Even if you’re fine with all the limitations above, the question still remains: what to do with the back-converted energy? If your system is battery operated, the battery may or may not absorb this energy, depending on its technology. Even more serious problem is that the amount of charge a battery can take depends on its charge level – a fully charged battery can’t take any more charge. This means that you either risk overcharging your battery or limit your braking capability at least under some circumstances. Neither options are too pleasing.

If you run your system from mains (and necessarily through a power supply, since mains is AC and we’re driving a DC motor here), you’re even more limited: unless you specially design your power supply, it simply can’t pump energy back into the power outlet.

In both cases it seems that your safest bet is to consume or store the regenerated energy locally. If you have other loads consuming power, of course you can power those loads up to their current requirements. You might have lights, computers, other motors, heaters, sensors, what not running at the same time, that need energy. All that is great, but you don’t want the brake distance depend on how much the seat-wormer is on in your car, do you?

In other words, all these options provide some, but not very deterministic or reliable places to put energy to. What you would really need is some sort of reliable energy storage device that is not as sensitive as a battery and can store a lot of energy. Effectively a capacitor. Trouble is, actual capacitors of the sizes needed (easily several Farads) are not feasible. There is however another way (you would have to read more on mechanical modeling to understand why): stick another motor with a big wheel attached to it into your system. When you have more energy then what you know what to do with, simply spin-up the wheel to store the energy. When you are in need of energy, use (again) regenerative braking on that wheel to regain the energy and supply your needs. This is called a flywheel, and is in fact used in certain systems.

Trains, subways and other large, but well controlled systems usually benefit from regenerative braking as well as they quite often have another consumer (another, accelerating train) that can use the regenerated energy.

As you can probably see from this much, the problem of safely and reliably putting the braking energy somewhere is a complex one. It requires full understanding of the complete electro-mechanical system, and there is no one-size fits all solution.

### Dynamic braking

Let’s say you don’t want to use regenerative braking because of all the complexities involved. So you want to operate in the dynamic braking mode of the bridge, and avoid regenerative braking altogether. How do you do that? The first thing you need to do is to figure out if the system is in regenerative braking mode. You can go about it in two ways:

- We know the bridge is in regenerative mode if V
_{g}is higher than V_{mot_avg}but the same polarity. To use this, we need to measure V_{g}or something related to it. That’s not necessarily a simple thing to do. I will come back to techniques for doing so in a future article about speed-control mechanisms, but usually you will need a method to measure the shaft speed using an encoder for example. - Use the knowledge that the bridge is in regenerative mode if the bridge current flows in reverse direction compared to the battery voltage. This involves measuring the current through the bridge including it’s polarity.

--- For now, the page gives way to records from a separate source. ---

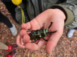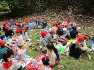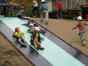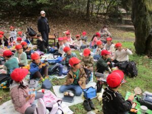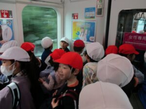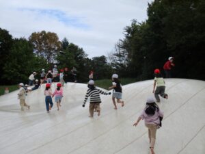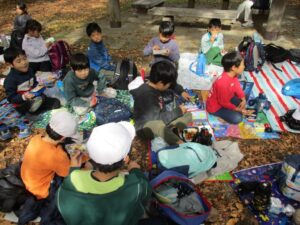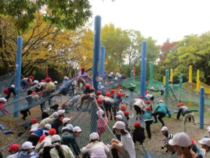 電車で西立川まで行き、入園するなり虹色に輝くクワガタを発見。遠足に来るには少し遅い時期だったからか、ほかの学校や幼稚園、保育園の子もおらず、貸し切り状態で虹のハンモックやふわふわドームで思い切り遊びました。子どもたちにとっては、きれいな紅葉よりもお弁当や遊びに夢中だったようです。疲れた様子でしたが、しっかりペアの子同士で手をつなぎ、2年生が1年生をリードしながら学校まで帰ってくることができました。
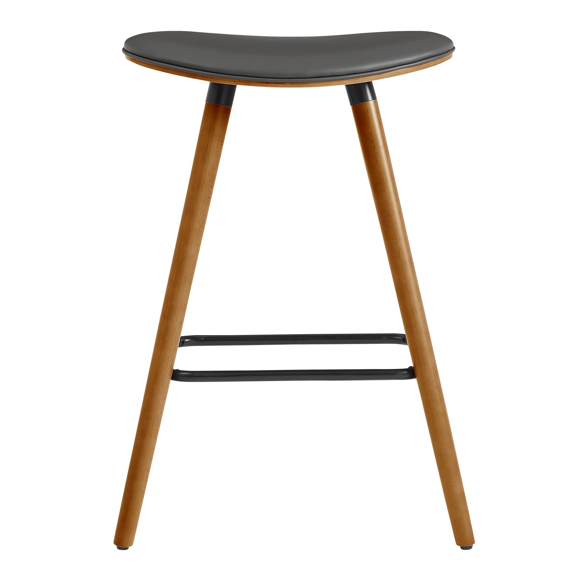 The Piper 26" Counter Height Backless Bar Stool in Gray Faux Leather and Walnut Wood from Armen Living is an ideal stool for any modern or contemporary household. This beautiful backless stool sports a sturdy wood frame beautifully accented by a black metal rectangular footrest - offering a stylish aesthetic without comprising the practicality or functionality of this item. The plush seat cushion is padded with high-density foam that will provide you with immense comfort. Though an excellent fit for the kitchen or bar, the Piper's novel yet practical look makes it great for enhancing the aesthetic of just about any room in your house. The Piper is available in your color choice of Gray, cream, or brown faux leather with walnut wood or Gray faux leather with black wood. Product Dimensions: W:19 x D:13 x H:26 x SH:26
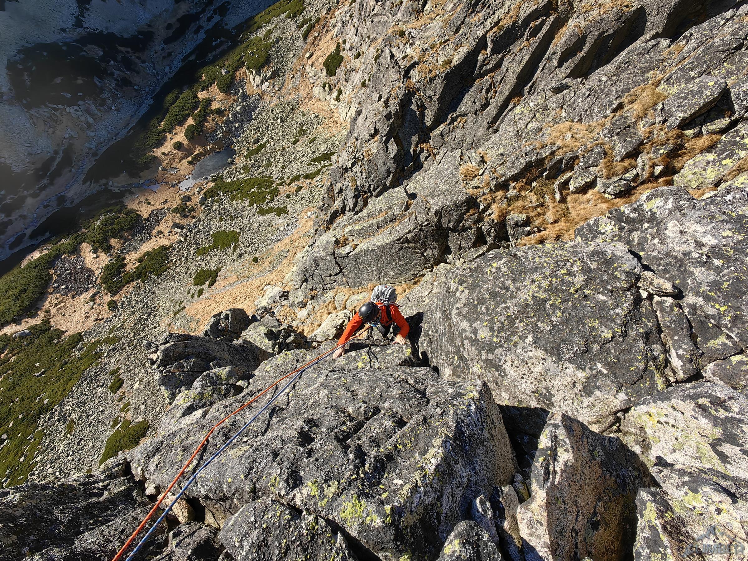 Piękna jesień w Tatrach cały czas trwa, udaje się więc kontynuować wspinaczkowe wycieczki po polecanych drogach. Tym razem wraz z Anią spędzamy weekend w Staroleśnej, pierwszego dnia działając na Strzeleckiej Turni, drugiego na Ostrym Szczycie – w sumie udaje przejść się cztery linie, będące moimi numerami 37-40 w tatrzańskim letnim sezonie 😊. Na Prawy Filar (V) Strzeleckiej wracam po latach (o poprzedniej wizycie TUTAJ) by towarzyszyć partnerce i przy okazji kilka wyciągów zrobić innym wariantem niż poprzednio. Robiony w drugiej kolejności Lewy Filar (V-) choć wyraźnie łatwiejszy, miło zaskoczył – zarówno urodą jak i nowymi stanowiskami z ringów oraz spitem w trudnościach.
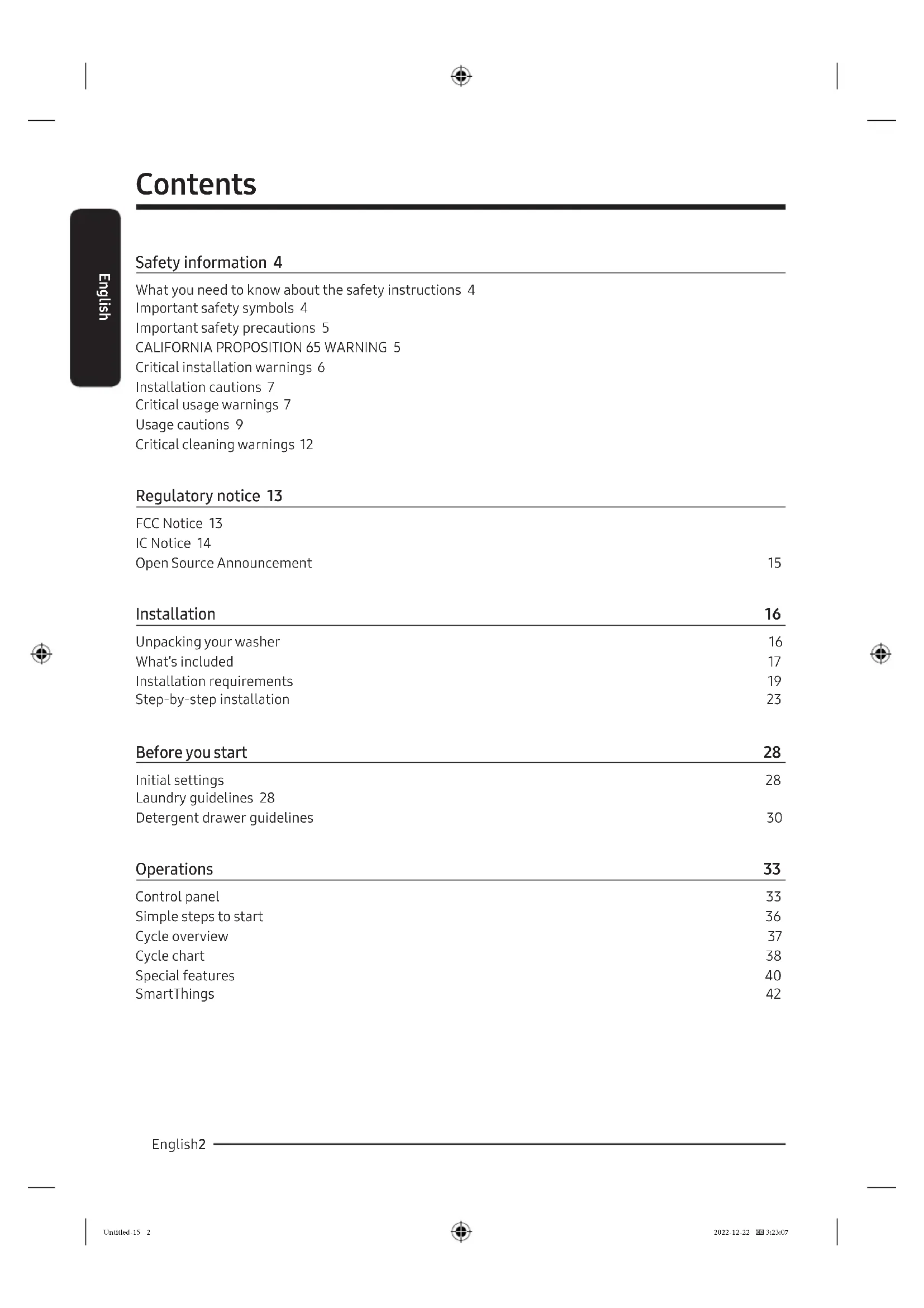 Critical installation warnings 6 Installation cautions 7 Critical usage warnings 7 Usage cautions 9 Critical cleaning warnings 12 Regulatory notice 13 FCC Notice 13 IC Notice 14 Open Source Announcement 15 Installation 16 Unpacking your washer 16 What’s included 17 Installation requirements 19 Step-by-step installation 23 Before you start 28 Initial settings 28 Laundry guidelines 28 Detergent drawer guidelines 30 Operations 33 Control panel 33 Simple steps to start 36 Cycle overview 37 Cycle chart 38 Special features 40 SmartThings 42 Untitled-15 2 2022-12-22 3:23:07English English 3 Maintenance 43 SELF CLEAN 43 Smart Care 44 Emergency drain 44 Cleaning 45 Recovery from freezing 49 Care for an extended period of non-use 49 Cleaning the exterior 49 Cleaning the interior 50 Troubleshooting 51 Checkpoints 51 Information codes 55 Specifications 57 Fabric care chart 57 Protecting the environment 58 Declaration of conformity 58 Specification sheet 59 Untitled-15 3 2022-12-22 3:23:07English
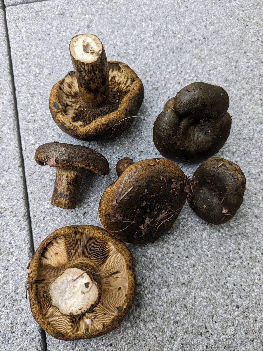 In dem Birken/Fichtenwäldchen eventuell auch mit Hainbuchen standen auch noch andere Pilze, und nicht zu knapp. Diese Pilze hätte ich als Täublinge identifiziert, sie haben eine schmutzig-Olivgrün bis dunkelbraune Hutfarbe, teilweise mit konzentrisch angeordneten Ringmustern. Der Hut ist am Rand stark eingerollt. Der Fuß ist ebenfals schutzig olivgrün und genauso dunkel wie der Hut. Einige der Exemplare haben dunkle Stellen an den sonst chremefarbenen Lamellen. Ich bin der Meinung, das sind die Pilze die die Dame mit dem russischen oder ukrainischen Akzent in ihrem Beutel hatte. Man könnte auf die Idee kommen, dass es der Hainbuchenmilchling sein könnte, ich bin jedoch sicher es handelt sich um einen Täubling (siehe Bruchstelle am Stiel, da milcht auch nix). Probiert habe ich ihn bisher nicht.
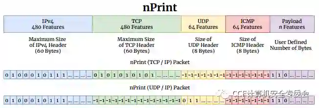 以上两种表示方法都无法满足统一化表示数据的需求,如图2所示,研究人员结合语义表示法和朴素二进制表示法提出一种统一的网络数据包表示方法nPrint。首先,它会保证任何数据包都可以被完整表示而不丢失任何信息;然后,使用内部填充确保每个数据包以相同数量的特征表示,并且每个特征具有相同含义,这种在位级上可解释的表示使我们能够更好的理解模型;其次,直接使用数据包的位,区分于某个位被设置为0,将不存在的包头用-1填充;最后,每个数据包都用相同数量的特征表示,对于给定的网络流量分析任务,将载荷设置为可选的字节数。此外,nPrint具有模块化和可扩展的特性,不仅可以将其他协议添加到表示中,也可以将一组数据包表示串联起来构建多包的nPrint指纹。
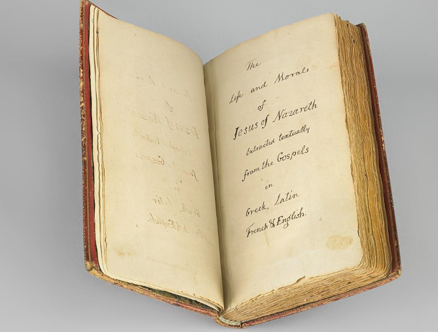 Donate NowThe Life and Morals of Jesus of Nazareth, known today as The Jefferson Bible, is Thomas Jefferson's own compilation of the four gospels in the New Testament. Jefferson cut out excerpts from six New Testament volumes in English, French, Latin, and Greek, and then assembled them together in this single volume. He arranged his chosen passages to create a chronological account of Jesus' life, parables, and moral teachings. He omitted passages that he deemed insupportable through reason or that he believed were later embellishments, including references to Jesus' miracles and his resurrection. In doing so, Jefferson sought to clarify Jesus' moral teachings, which he believed provided "the most sublime and benevolent code of morals which has ever been offered to man."[1]

After you have the right feedback in place, you can adjust your drive direction to make sure that V_{mot_avg} is always reverse in polarity than V_{g} any time you’re braking. But there’s another complication: how do you know you **need** to brake? You only know that if you know the intended and the actual speed of the motor, so you need to measure the shaft-speed (or V_{g} somehow) and you have to implement some sort of a control circuit.

If you did all that, you can successfully avoid regenerative braking. Then another problem arises: how much torque can you apply in braking mode to the shaft, provided you would only want to operate in the dynamic braking domain? We know that torque is related to the motor current and we’ve also seen that the average motor current during braking is the following:

I_{mot_avg} = (V_{mot_avg}-V_{g})/R_{m}

To make sure that the motor remains in the dynamic braking domain, you will have to make sure that V_{mot_avg} has the same polarity as the motor current, which is opposite to V_{g}. So if V_{g} is positive as in all of our examples so far, V_{mot_avg} will need to be negative. That has the unfortunate consequence that I_{mot_avg} cannot be smaller (in absolute value) than a certain amount:

abs(I_{mot_avg}) >= V_{g}/R_{m}

This is a problem because it tells us that we can’t brake the motor arbitrarily gently. The only way to achieve that is with regenerative braking. As a matter of fact, it also tells us that he minimum amount of braking torque we can apply to the motor depends on the speed and is proportional to it. So at high speeds we will have more abrupt braking than at low speeds.

# Summary

By now you probably see that dealing with bridges in phase-magnitude drive is not simple. At first sight it seems you only need two control signals – a PWM input to set the average voltage on the motor and a digital signal to set the direction – and you’re ready to go.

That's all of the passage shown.